Fiala would not be consoled. She had loved O'Driscol in the silly, romantic style of the time, and insisted that she was desolate. In a month, though, the hard-headed twenty-first century doctor returned and the decades with Patrick slipped into perspective. An amusing, diverting episode along the long road home. Nothing more.
The absence of the Irishman's perpetual optimism made itself felt in Fian's work immediately. Fian had never realized just how much donkey work there was. But he kept plugging for another two years.
"That's it!" he shouted disgustedly one morning. "There's no way to build the thing using tubes. I can't create a pure enough vacuum. It'll be another seventy years before I can go solid state. Fiala, I'm going home."
"Where?"
"Back to Prague. Just for a year or two. It's time those coins were replaced anyway. Fial can spare the money now."
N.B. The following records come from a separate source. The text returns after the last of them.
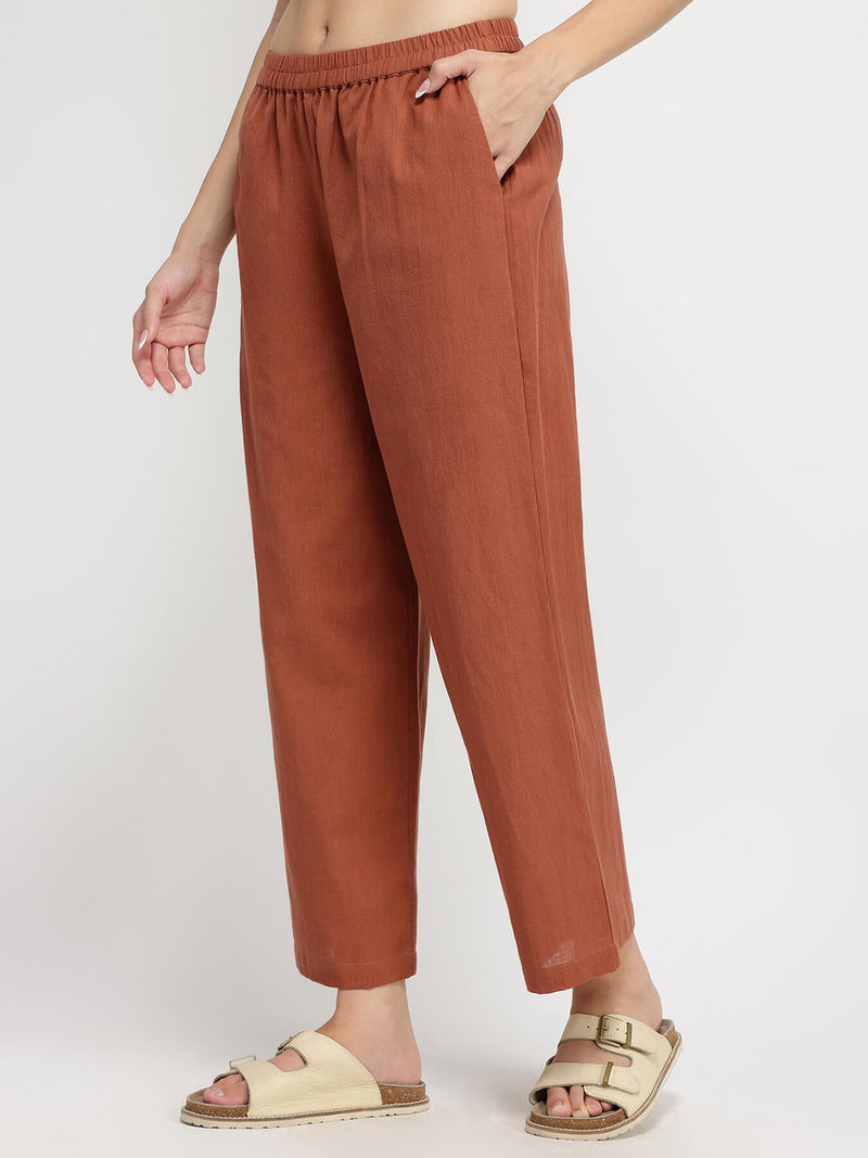 Blending comfort and style, this rust linen blend co-ord is perfect for busy work days. Add a messy bun, flat sandals, and a simple pendant for all-day ease and comfort.
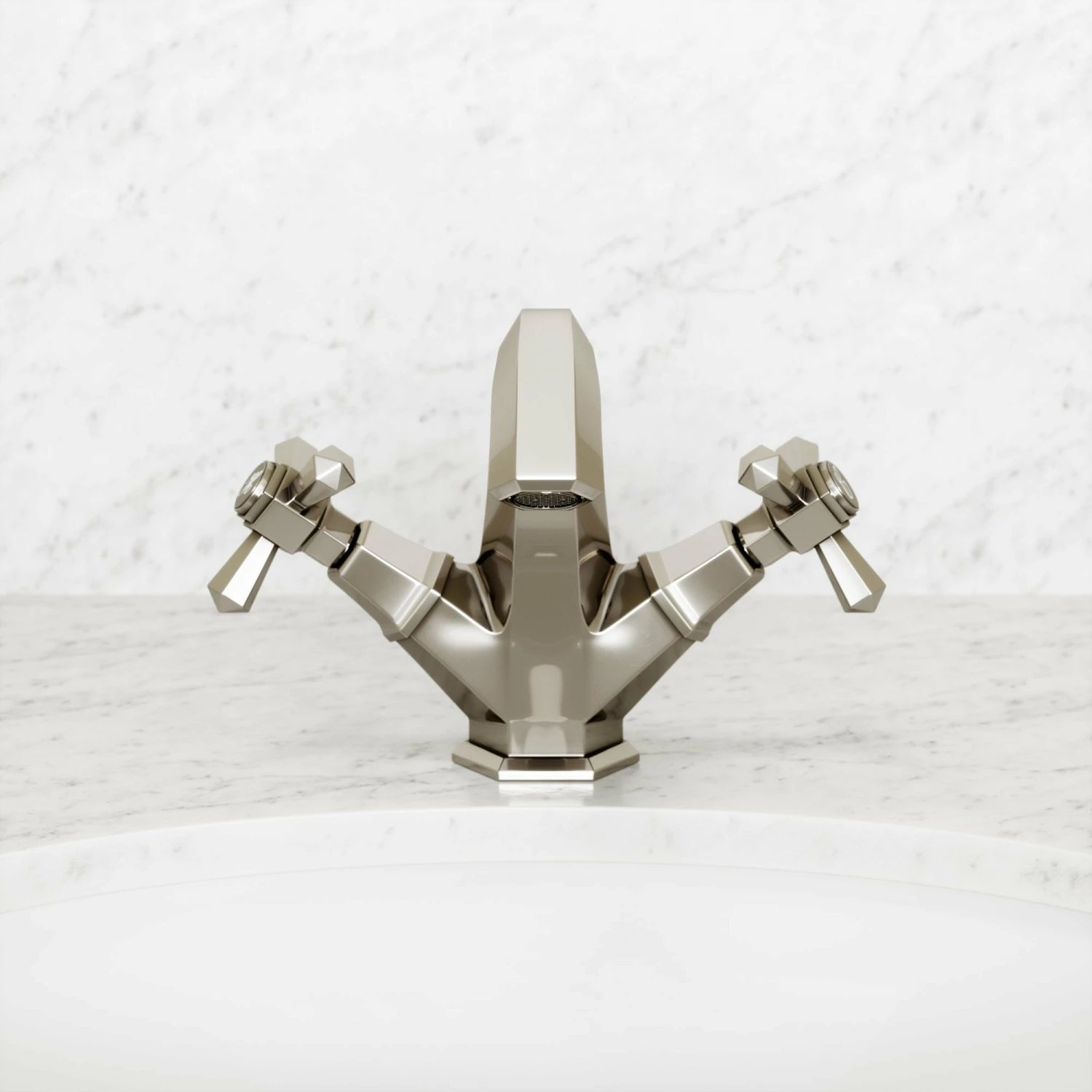 Beautifully presented, the Eton bathroom mixer tap is a fitting homage to the brassware of the prominent Art Deco era, paying particular attention to the geometry and sunburst motifs that are synonymous with the art movement. The polished nickel taps are also hand-finished to create an impeccable sheen.
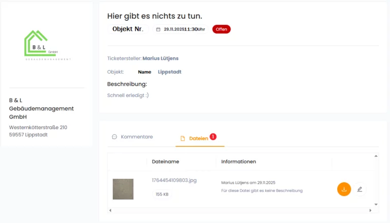 Tickets können durch unsere Mitarbeiter vor Ort erstellt werden, aber auch durch die Mieter, Eigentümer und die Hausverwaltung.
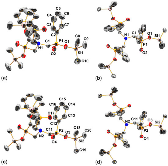 Compound NTPA(SiMe3)3 crystallized in the trigonal space group type R with two independent thirds of molecules in the asymmetric unit (Figure 2, Appendix A Table A1). Their N atoms are located on crystallographic 3-fold rotation axes (Figure 2b,d). The Si–O bond lengths (1.6756(14) and 1.6760(14) Å) are similar to those encountered with trimethylsilyl phosphate O=P(OSiMe3)3 (1.674(3) Å, [39]) and a derivative of a cyclic phosphinic acid, (Me3SiO)(O=)P[-C(SiMe3)2–CH2–CH=C(SiMe3)-] (1.672(2) Å, [40]). The latter was the only hit in a CSD search [41] for crystallographically characterized triorganosilyl derivatives of phosphinic acids. Thus, the crystal structure of NTPA(SiMe3)3 bears some novelty in this regard. Further metric data of these molecules (Table 1) will be discussed in the context of the further analysis of the acid NTPAH3.
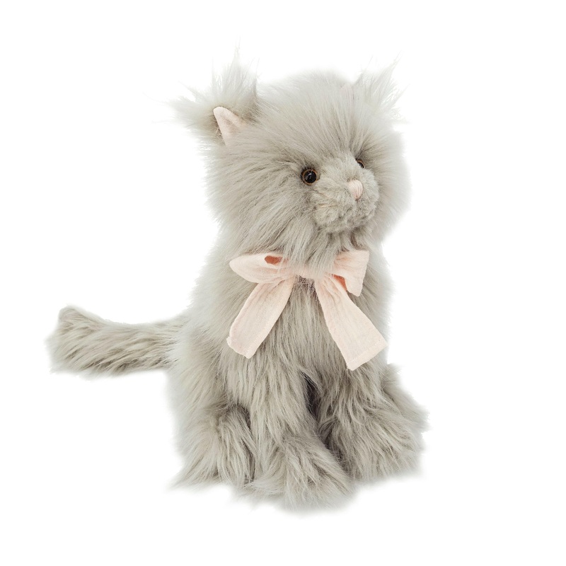 Oh la Latte! This gorgeous kitty has long luxurious fur and sweet muslin bow around her neck. Perfect for any kitty lover!measures 12 inches / 30 cm100% Polyester for enhanced softness and durabilityPerfect for playing, snuggling and gift givingSpot clean
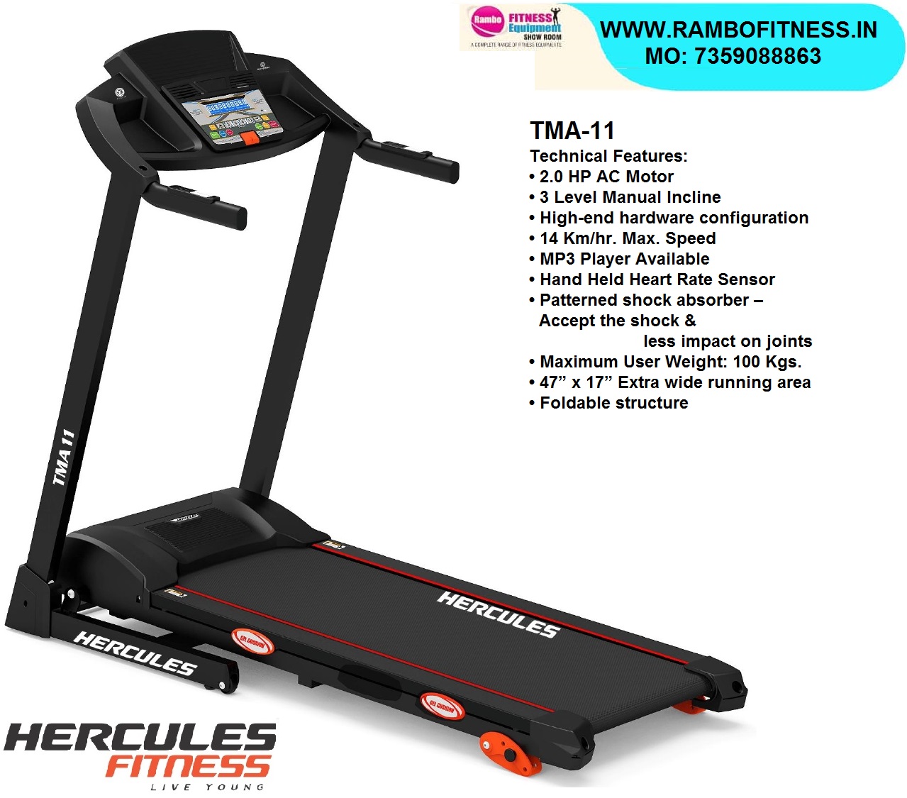 • Maximum User Weight: 100 Kgs.
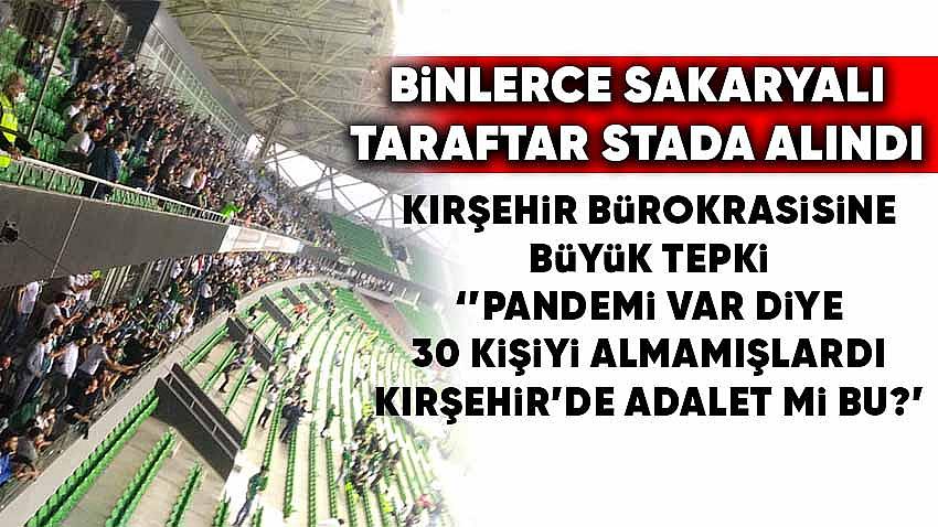 Sakaryaspor tribünlerini görüntüleyen Kırşehirli taraftarlar ise , '' Sakarya Valisi tam 5 bin kişiyi içeri aldı.Kırşehir'in sayın valisi emniyet müdürü görsün.Kırşehir'de 30 kişiyi almadılar pandemi var diye.Bu pandemi sadece Kırşehir'e mi var ? Adalet mi bu ? Satılmış TFF '' diyerek tepki gösterdiler.

The new land held no more excitement for Fiala, either. "I'll start packing. Are we going to sell the house?"
"No. I want you to stay. You'll be safe. Neulist could be prowling Europe like some vengeance-mad Wandering Jew. Damn. Wouldn't it have saved a lot of trouble if that bomb had killed him?"
The argument ran for days, but Fiala finally had to accept her fate, to remain behind.
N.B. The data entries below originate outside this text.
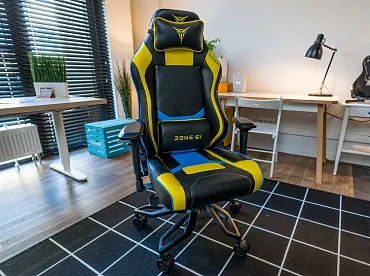 Тестируемое сегодня ZONE 51 ARMADA предлагает стальную раму, кастомизированные накладки, мягкую эко-кожу, усиленное основание, механизм качания и 4D-подлокотники.
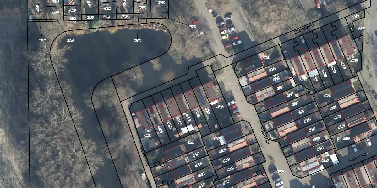 Gebruik de zoekbalk of klik op een perceel voor informatie over de adressen binnen dit perceel.
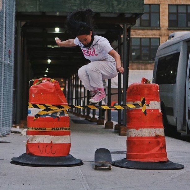 On top of all the commercial skating, there are also some females who skate street and just do it for personal enjoyment. One of our favorites is Emily, aka @lilnicegirl.  Some of you may know her from the Dime Glory Challenge, where she gets tossed out of a sumo style, last man standing type of contest.
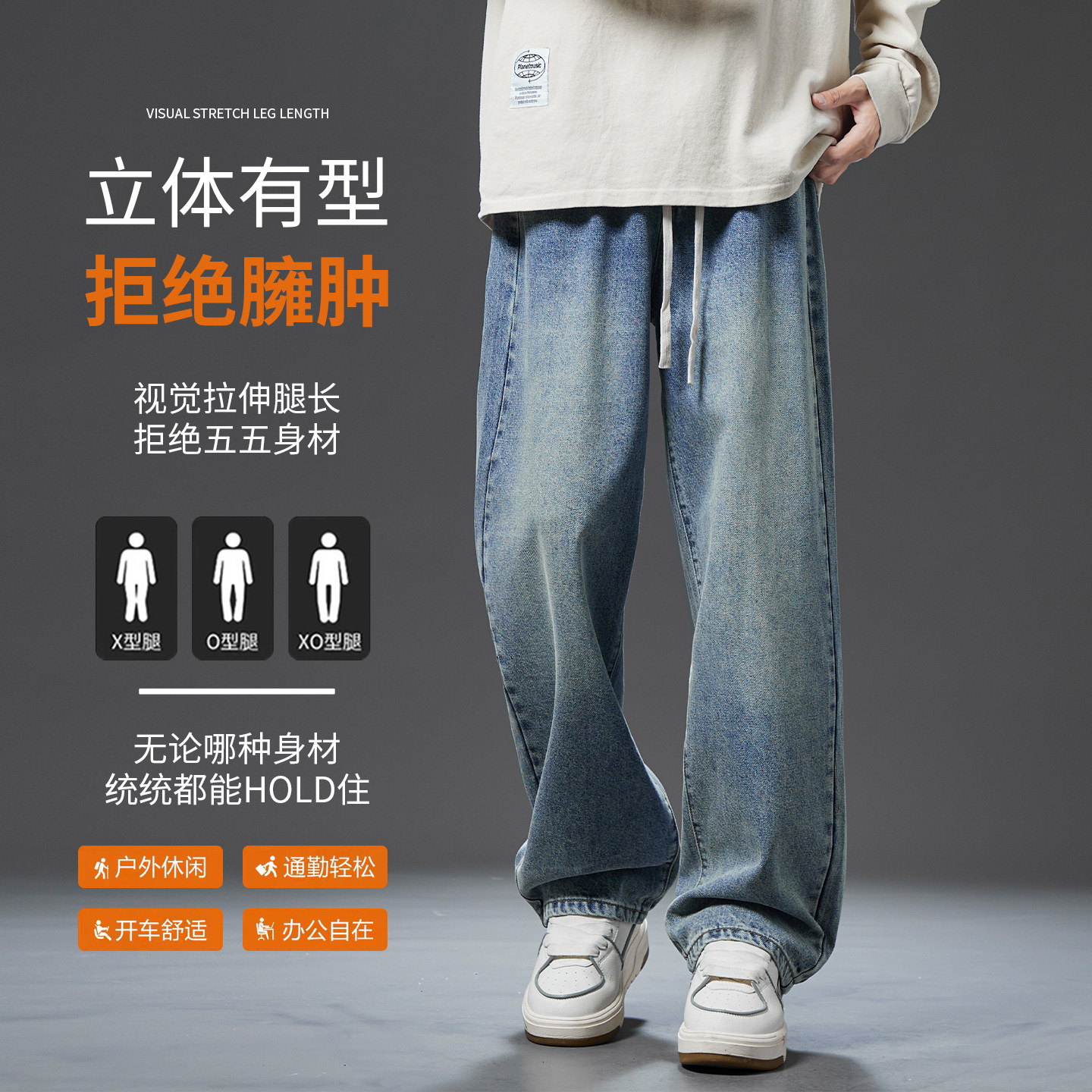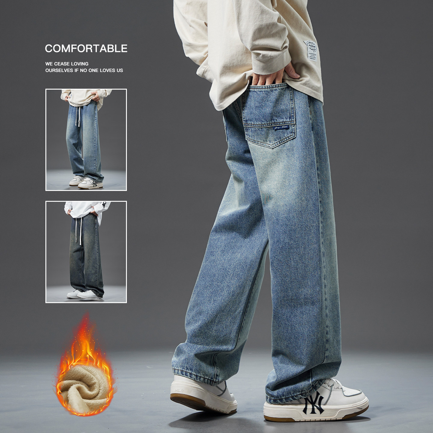 加绒加厚加长牛仔裤男款秋冬宽松阔腿男生vibe高个子青少年长裤子

Thus did the lonely years begin.
For one reason or another-his excuses always sounded good-Fian never got around to coming back. Eventually, Fiala resigned herself. He never would.
There was the occasional lover, when she encountered a man who, like Patrick, couldn't sense the difference about her. She tried making friends with the new people building nearby, but few of them were immune to her alienness.
The loneliness became unspeakable for one raised in the crowded communal life of the densely populated State. It was broken only by occasional letters from Fial or her father. And those, ultimately, only depressed her more, for their loneliness leaked through their cheerful words.
The past was indeed a foreign land.
Maybe the Christians were on the right track. There was a hell. And this was it.